Much nuttier, those roasted peanuts and hazelnuts are back in force. The alcohol/ethanol has also made a distinct entrance, petrol, more smoke, iodine and burnt oak. We’re quite surprised at the peat level we detect here, we were expecting a much gentler smoke influence. Going back there’s a certain paint stripper aroma now.. a little less to our taste.

Palate (with water)

Oh, there’s some honey now, but then we’re back to the bitter burnt oak. Candied peanuts now, it’s actually brought out a lot more sugar than before. There’s still a fair alcohol burn here, and we’re still getting the overwhelming peat smoke.

Conclusion

It’s nice without water, and overall a good dram, but not what we want from Bowmore. There’s a bit too much dominating smoke and ethanol that makes it slightly unpleasant.
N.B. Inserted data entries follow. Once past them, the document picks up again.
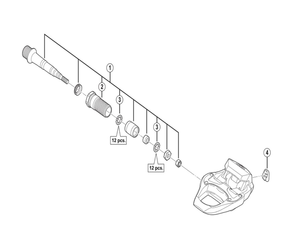 Die Shimano Rennrad Ultegra SPD Ersatzachse mit Lagereinheiten, im Lieferungfang Position 1.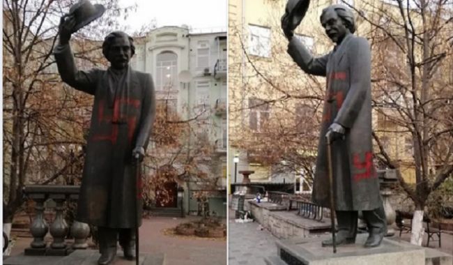 В Киеве неизвестные вандалы осквернили памятник знаменитому еврейскому писателю Шолом-Алейхему.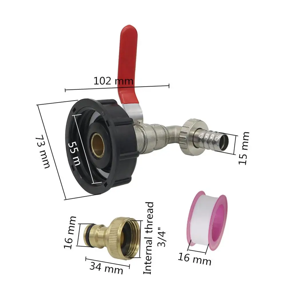 Этот адаптер резервуара IBC преобразует фитинг 2,36 дюйма резьба NPT "папа" в латунный садовый фитинг шаровой кран для шланга/кран 1/2 дюйма.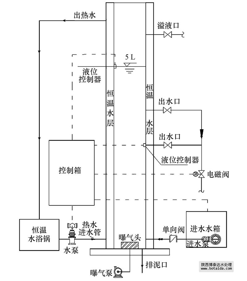 反應(yīng)器有效容積5 L,內(nèi)徑為100 mm,總高850 mm(圖 1).SBR運(yùn)行參數(shù):自控裝置控制運(yùn)行周期,處理水量為2.5 L · 周期-1,每周期6 h,包括進(jìn)水5 min,曝氣240 min,靜沉75 min,排水10 min,靜置30 min;溫度(25.0±0.5)℃.進(jìn)水水箱中設(shè)有循環(huán)泵,確保進(jìn)水成份均勻.曝氣時(shí)控制反應(yīng)器內(nèi)DO≥2 mg · L-1.實(shí)驗(yàn)過(guò)程中平均1天排1次泥,保證MLSS為5000 mg · L-1左右,污泥齡約為6 d.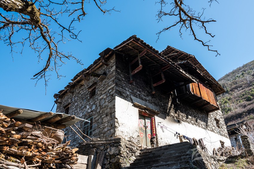 魚(yú)通人的房屋符合古人對(duì)居所背山面水的要求,多依山而建。房屋為木石混合結(jié)構(gòu),以片石木材和黃泥為主要材料建成,當(dāng)?shù)厝朔Q(chēng)之為“碉房”。房屋用石塊壘起,以木頭為墻筋,每隔一定高度,橫砌進(jìn)入石塊,融為一體,使之更為堅(jiān)固牢靠?!暗锓俊?/span> 一般為三層或四層,呈四角或六角形。底層為關(guān)牲畜。第二層為“堂屋”, 在過(guò)去,是集做飯、吃飯、烤火、家人日?;顒?dòng)為一體的場(chǎng)所,地上設(shè)有火塘、灶,并在火塘上設(shè)石制三腳鍋莊或鐵三腳。第三層為各居室,有的設(shè)有貯藏室和會(huì)客屋。頂層為經(jīng)堂,室外為曬壩,作打場(chǎng)、曬場(chǎng)用。有些在外側(cè)設(shè)有一小吊腳樓,可堆放雜物。隨著時(shí)間的流逝,古老的碉房已無(wú)法滿足現(xiàn)在居民的需求,已很少有人居住,而新式碉房在傳統(tǒng)的基礎(chǔ)上開(kāi)始出現(xiàn)。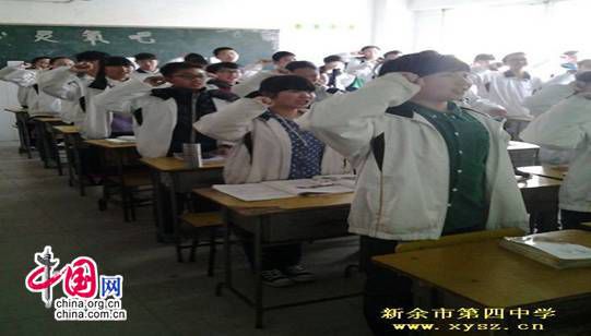“超越自己,奋发向上!我相信!我一定能行!”近日,江西新余四中初二年级召开主题班会,各教室里回荡起慷慨激昂的誓词。学生们个个举起右手,齐声宣誓,气冲斗牛,场面壮观。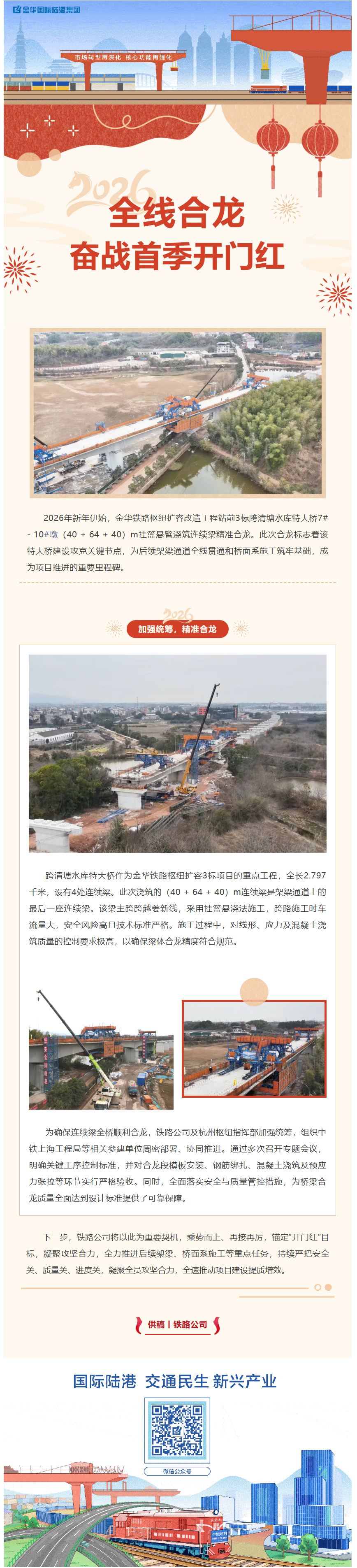 金華鐵路樞紐3標(biāo) 跨清塘水庫(kù)特大橋連續(xù)梁全線合龍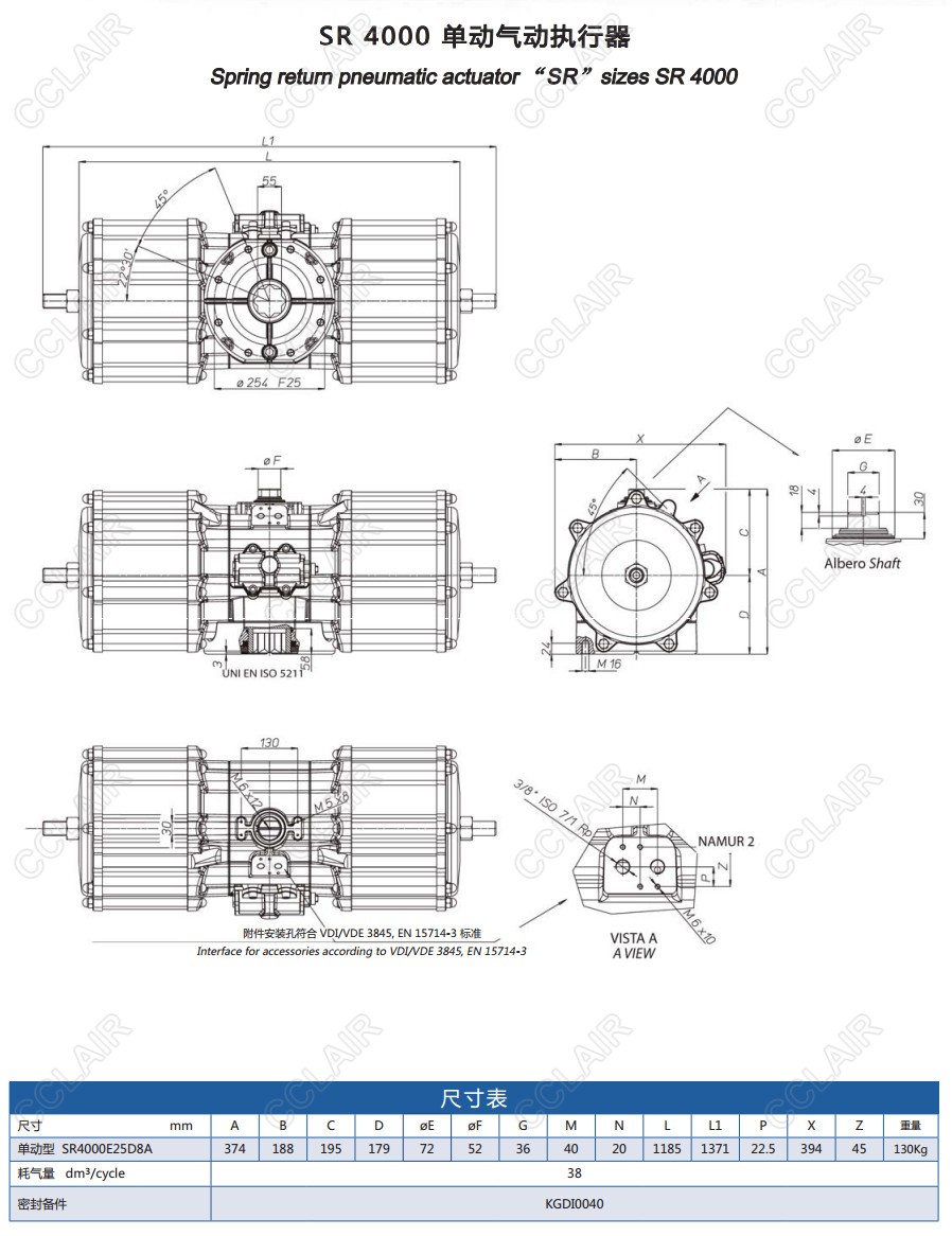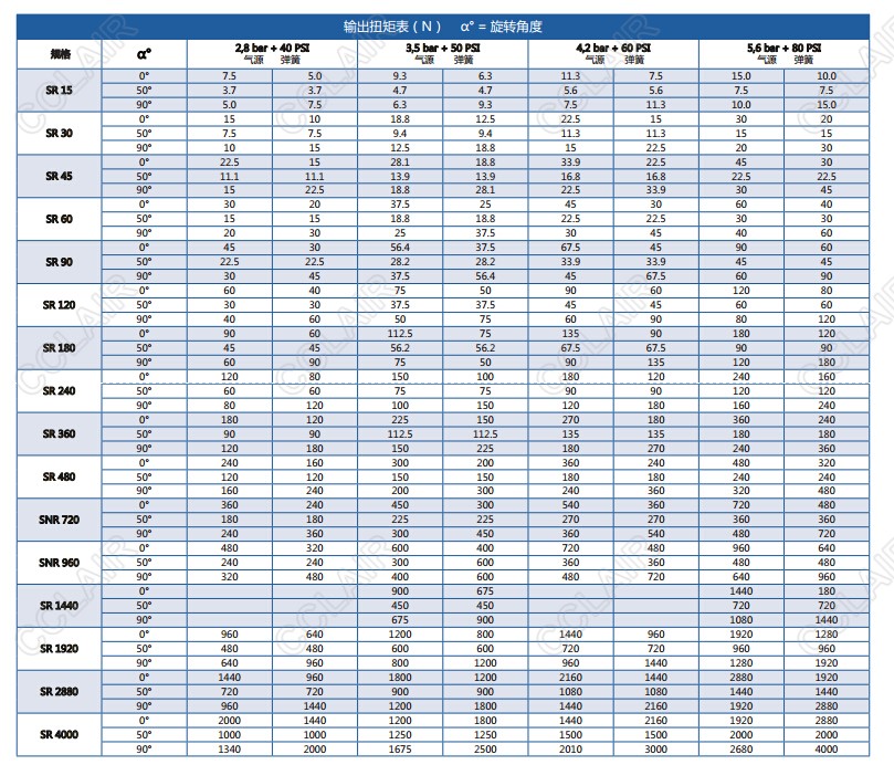 字母DA或SR后的數(shù)字代碼表示在5.6bar氣源壓力下的扭矩。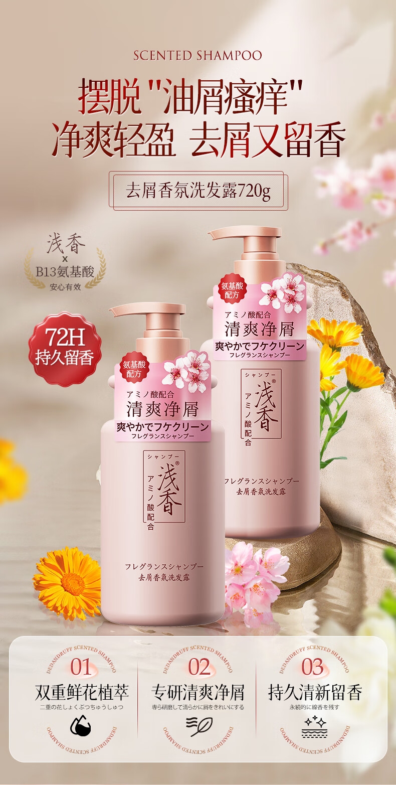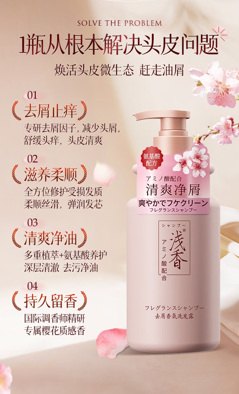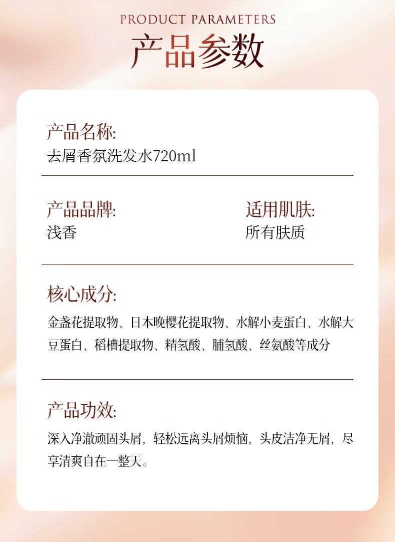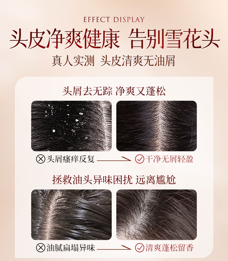 有效去屑,根源护理;舒缓保湿,告别头痒;净澈香氛,告别异味

Saying that, it’s quite a savoury dram so might be up your alley, but for us we’ll keep searching.

Score: 7/10

  • 10 - Perfection. A whisky that we’ll remember forever.
  • 9 - Amazing. We’d pay through the nose for a bottle.
  • 8 - Great. Pick this up at RRP.
  • 7 - Good. Happy to have a dram or two but wouldn’t buy a bottle.
  • 6 - Passable. Would accept a dram, but wouldn’t seek it out.
  • 5 - Poor. Would drink if it was the only option.
  • 4 - Bad. Maybe it can be saved by ginger beer?
  • 3 - Awful. It can't be saved by ginger beer.
  • 2 - Pour it out
  • 1 - We’ve never tried a whisky rated this low and hopefully never will.